Material provided
# # # # # # #
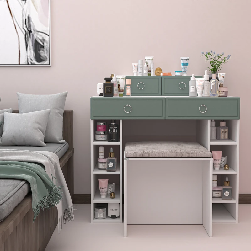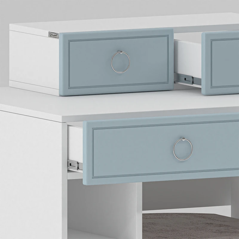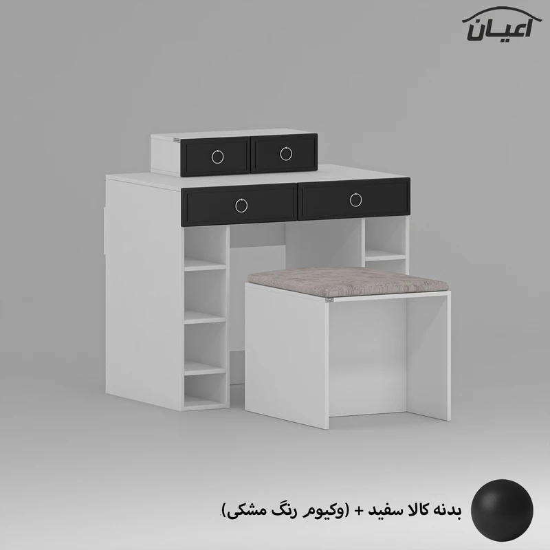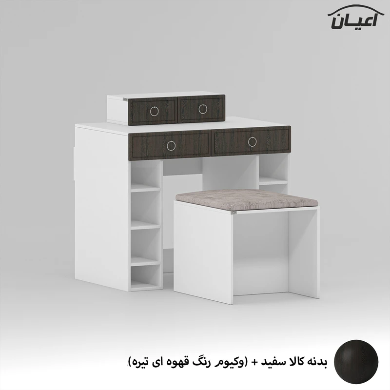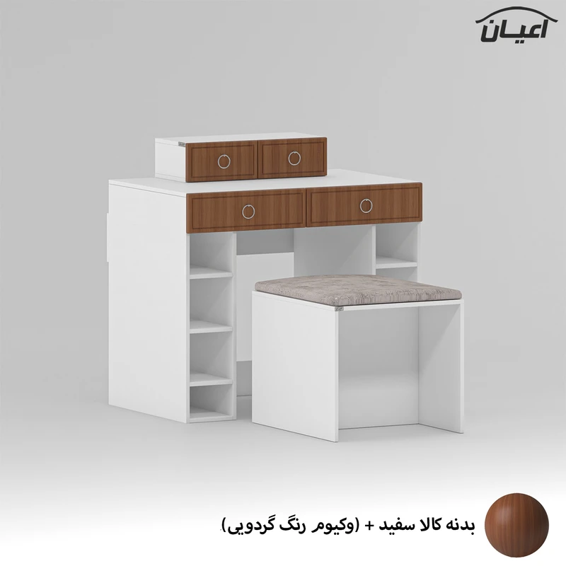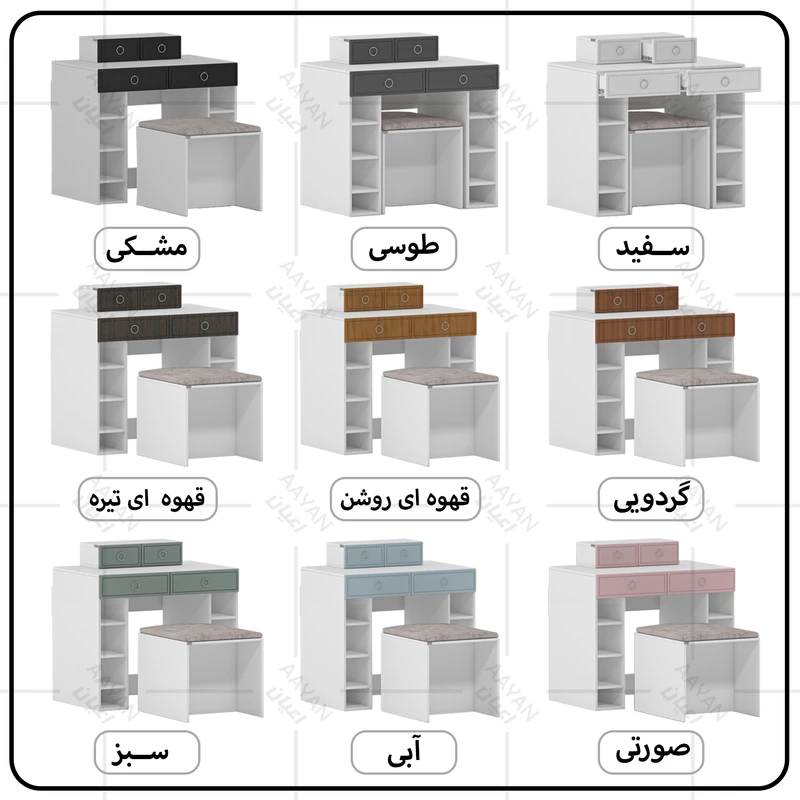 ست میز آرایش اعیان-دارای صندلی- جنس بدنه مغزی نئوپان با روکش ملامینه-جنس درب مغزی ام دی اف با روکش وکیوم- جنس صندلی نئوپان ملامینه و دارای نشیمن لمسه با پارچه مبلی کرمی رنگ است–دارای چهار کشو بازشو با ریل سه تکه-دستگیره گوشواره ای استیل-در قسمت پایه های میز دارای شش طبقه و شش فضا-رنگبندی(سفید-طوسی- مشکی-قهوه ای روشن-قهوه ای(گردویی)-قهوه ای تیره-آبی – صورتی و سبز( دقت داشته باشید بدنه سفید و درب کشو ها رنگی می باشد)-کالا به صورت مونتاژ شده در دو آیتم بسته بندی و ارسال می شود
# # # # # # #
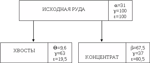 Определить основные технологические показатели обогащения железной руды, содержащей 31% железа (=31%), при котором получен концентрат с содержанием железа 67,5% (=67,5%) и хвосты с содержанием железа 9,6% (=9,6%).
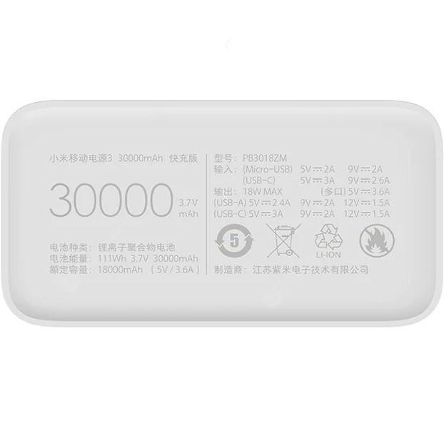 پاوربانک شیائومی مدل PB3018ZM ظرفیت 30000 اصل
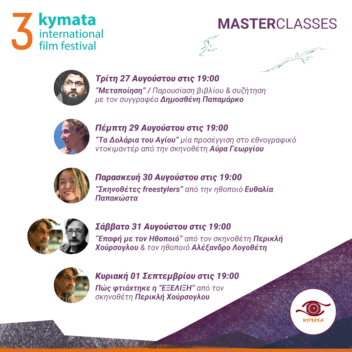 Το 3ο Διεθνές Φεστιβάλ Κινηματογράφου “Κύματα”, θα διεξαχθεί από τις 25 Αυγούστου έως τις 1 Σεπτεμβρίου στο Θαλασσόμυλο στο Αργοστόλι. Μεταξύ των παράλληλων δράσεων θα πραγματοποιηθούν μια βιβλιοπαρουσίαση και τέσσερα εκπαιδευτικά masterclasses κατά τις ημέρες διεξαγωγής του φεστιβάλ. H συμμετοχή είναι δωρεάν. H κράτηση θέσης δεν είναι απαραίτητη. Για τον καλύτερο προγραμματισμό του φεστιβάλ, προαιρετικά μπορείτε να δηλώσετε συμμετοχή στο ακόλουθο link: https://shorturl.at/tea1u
# # # # # # #
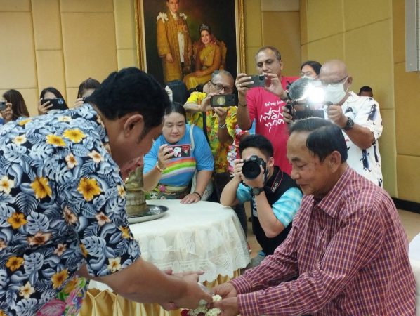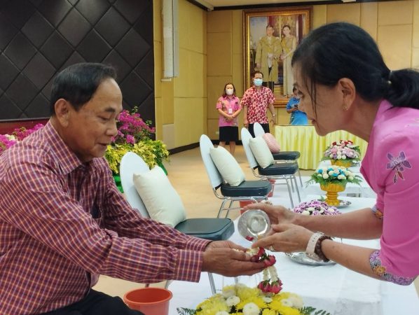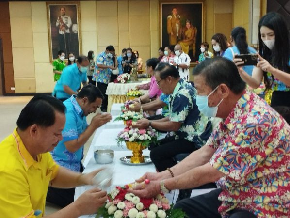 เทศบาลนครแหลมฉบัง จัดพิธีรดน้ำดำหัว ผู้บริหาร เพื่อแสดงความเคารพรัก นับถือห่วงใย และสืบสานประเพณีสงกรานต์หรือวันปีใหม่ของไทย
# # # # # # #
Task objective
For this task, return exactly the stretch of the listing above from the line with "Определить основные технологические" through the line with "Το 3ο Διεθνές", inclusive and without pictures.

Written response
 Определить основные технологические показатели обогащения железной руды, содержащей 31% железа (=31%), при котором получен концентрат с содержанием железа 67,5% (=67,5%) и хвосты с содержанием железа 9,6% (=9,6%).
 پاوربانک شیائومی مدل PB3018ZM ظرفیت 30000 اصل
 Το 3ο Διεθνές Φεστιβάλ Κινηματογράφου “Κύματα”, θα διεξαχθεί από τις 25 Αυγούστου έως τις 1 Σεπτεμβρίου στο Θαλασσόμυλο στο Αργοστόλι. Μεταξύ των παράλληλων δράσεων θα πραγματοποιηθούν μια βιβλιοπαρουσίαση και τέσσερα εκπαιδευτικά masterclasses κατά τις ημέρες διεξαγωγής του φεστιβάλ. H συμμετοχή είναι δωρεάν. H κράτηση θέσης δεν είναι απαραίτητη. Για τον καλύτερο προγραμματισμό του φεστιβάλ, προαιρετικά μπορείτε να δηλώσετε συμμετοχή στο ακόλουθο link: https://shorturl.at/tea1u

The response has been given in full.